EXERCISE
Return, with both end lines included, exactly what the data below holds from the line with "Short laced up" through the line with "Security and Stability—Upgrade", though not the pictures.

RECORDS FOR THIS TASK
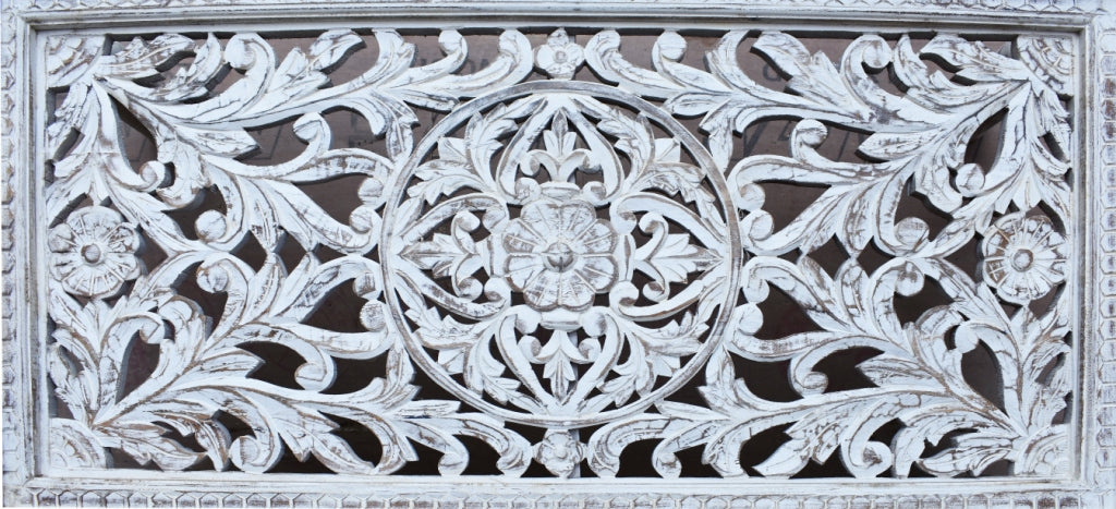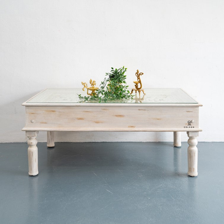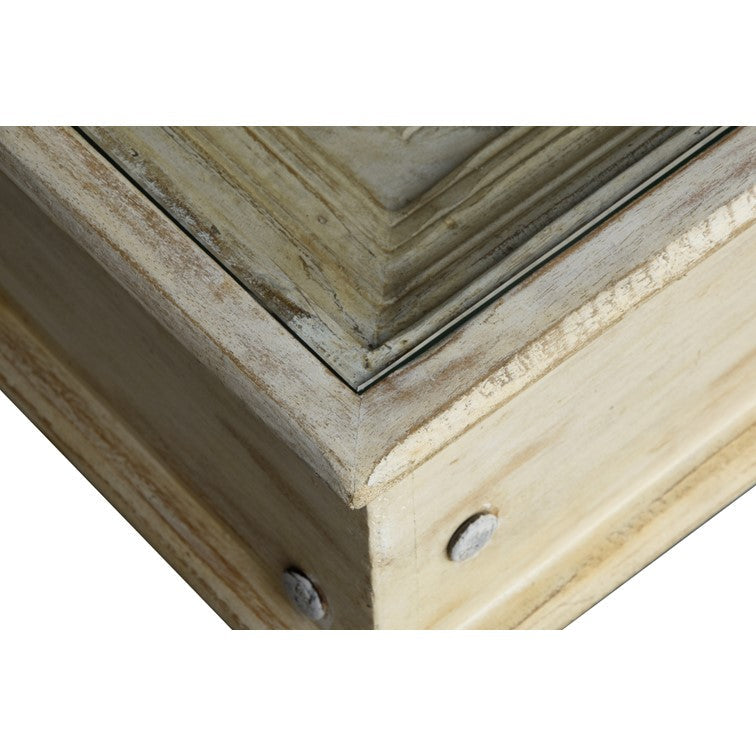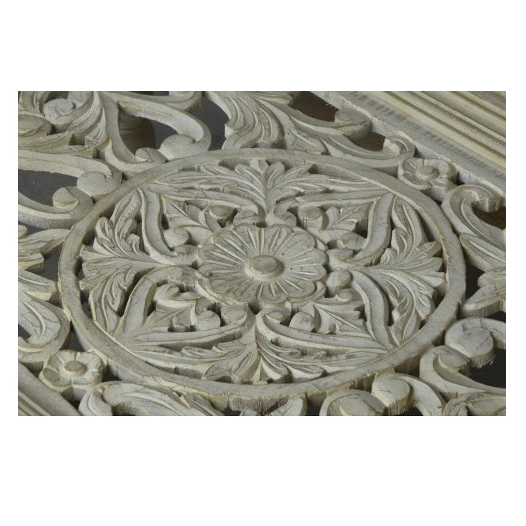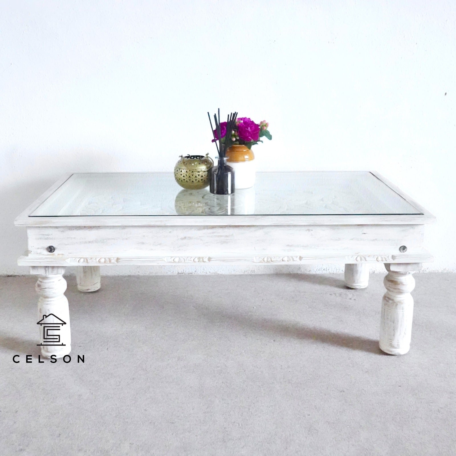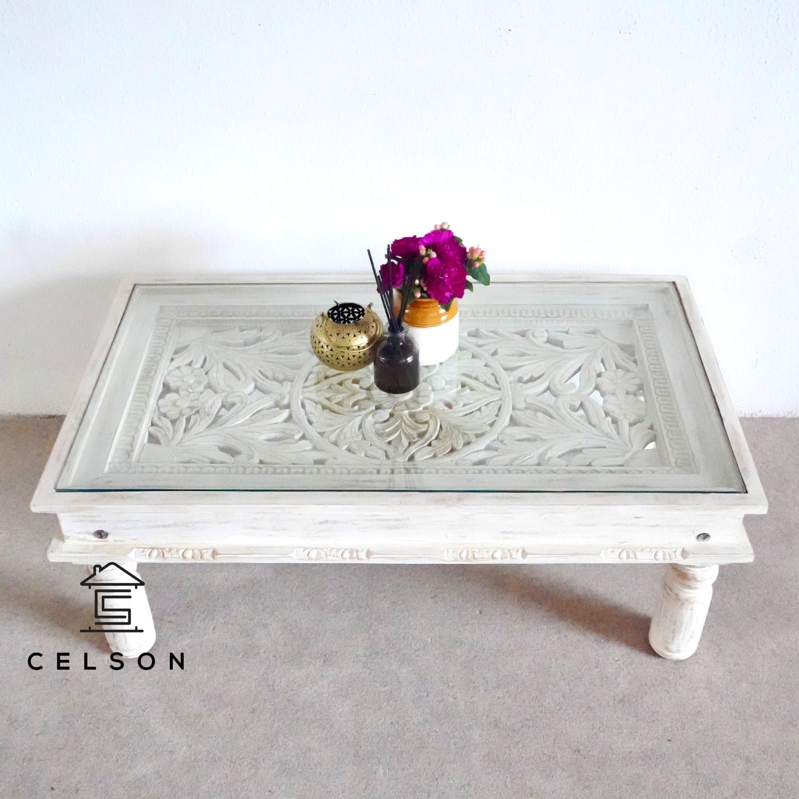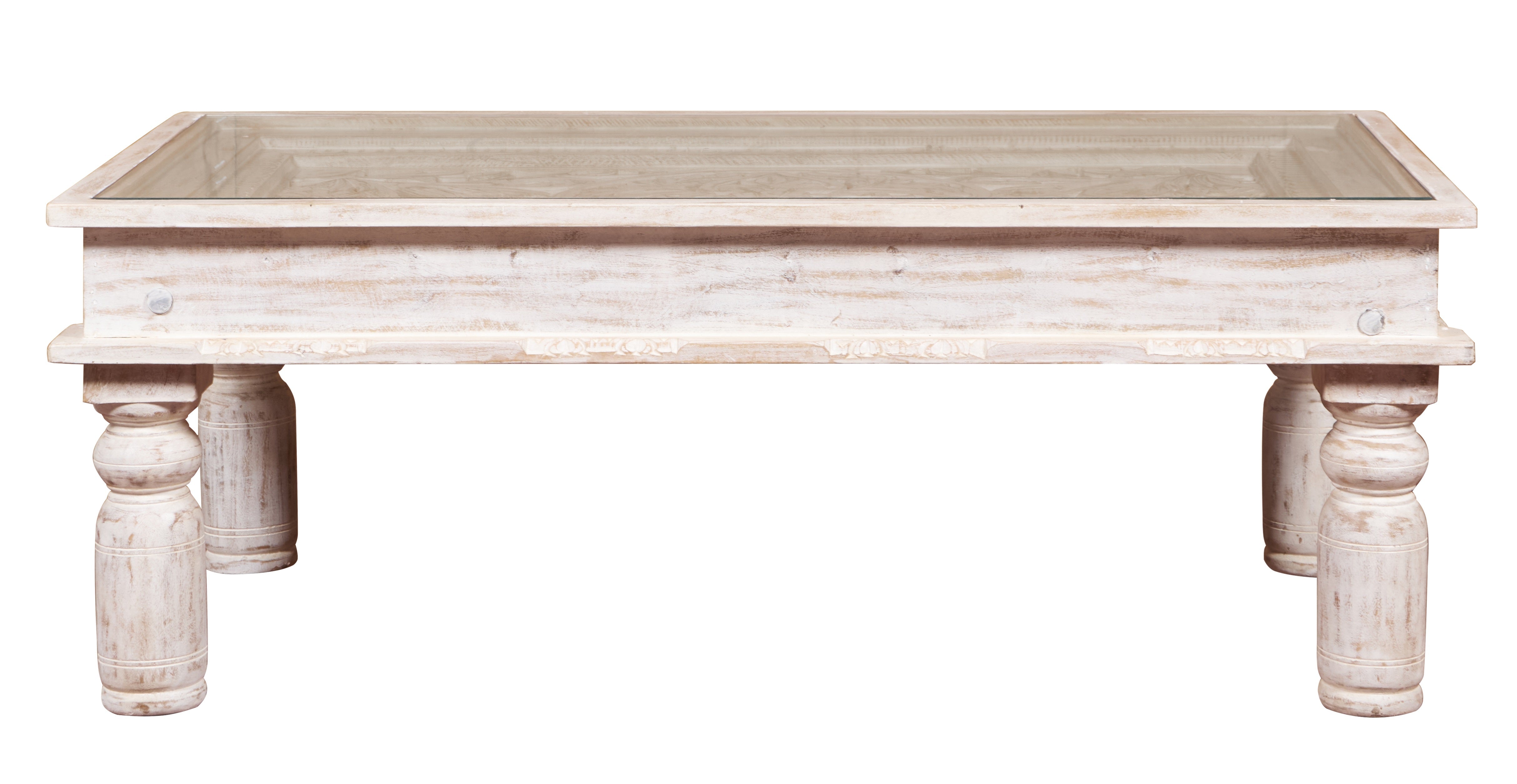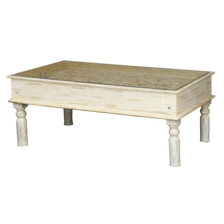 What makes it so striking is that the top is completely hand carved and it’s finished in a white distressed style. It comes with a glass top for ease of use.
* * *
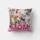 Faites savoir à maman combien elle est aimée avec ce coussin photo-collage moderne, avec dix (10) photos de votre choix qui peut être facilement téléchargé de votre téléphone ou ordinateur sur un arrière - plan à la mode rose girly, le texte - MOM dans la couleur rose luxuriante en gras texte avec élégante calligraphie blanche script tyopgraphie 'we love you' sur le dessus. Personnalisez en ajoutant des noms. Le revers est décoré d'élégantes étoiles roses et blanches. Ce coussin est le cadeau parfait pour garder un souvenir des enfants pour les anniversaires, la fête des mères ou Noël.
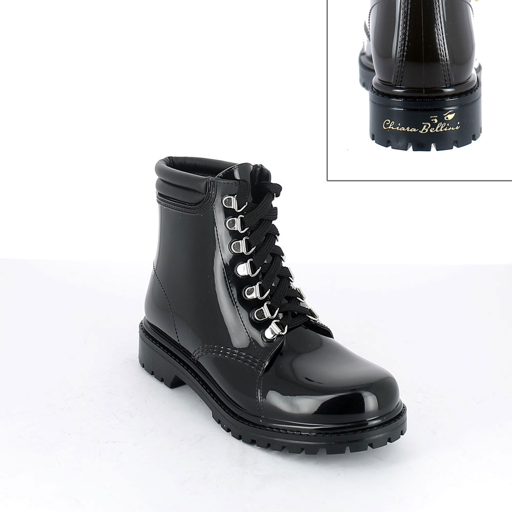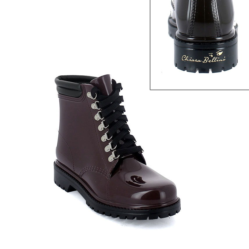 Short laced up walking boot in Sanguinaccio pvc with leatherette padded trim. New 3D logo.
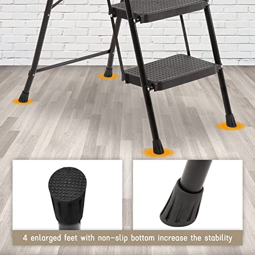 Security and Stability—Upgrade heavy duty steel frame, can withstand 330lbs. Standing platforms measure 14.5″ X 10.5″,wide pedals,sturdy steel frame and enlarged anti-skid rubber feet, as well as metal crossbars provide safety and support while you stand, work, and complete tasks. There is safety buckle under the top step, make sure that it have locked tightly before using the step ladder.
* * *
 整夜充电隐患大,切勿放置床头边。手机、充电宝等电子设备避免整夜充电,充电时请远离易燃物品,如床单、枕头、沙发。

RESPONSE FOR THIS EXERCISE
 Short laced up walking boot in Sanguinaccio pvc with leatherette padded trim. New 3D logo.
 Security and Stability—Upgrade heavy duty steel frame, can withstand 330lbs. Standing platforms measure 14.5″ X 10.5″,wide pedals,sturdy steel frame and enlarged anti-skid rubber feet, as well as metal crossbars provide safety and support while you stand, work, and complete tasks. There is safety buckle under the top step, make sure that it have locked tightly before using the step ladder.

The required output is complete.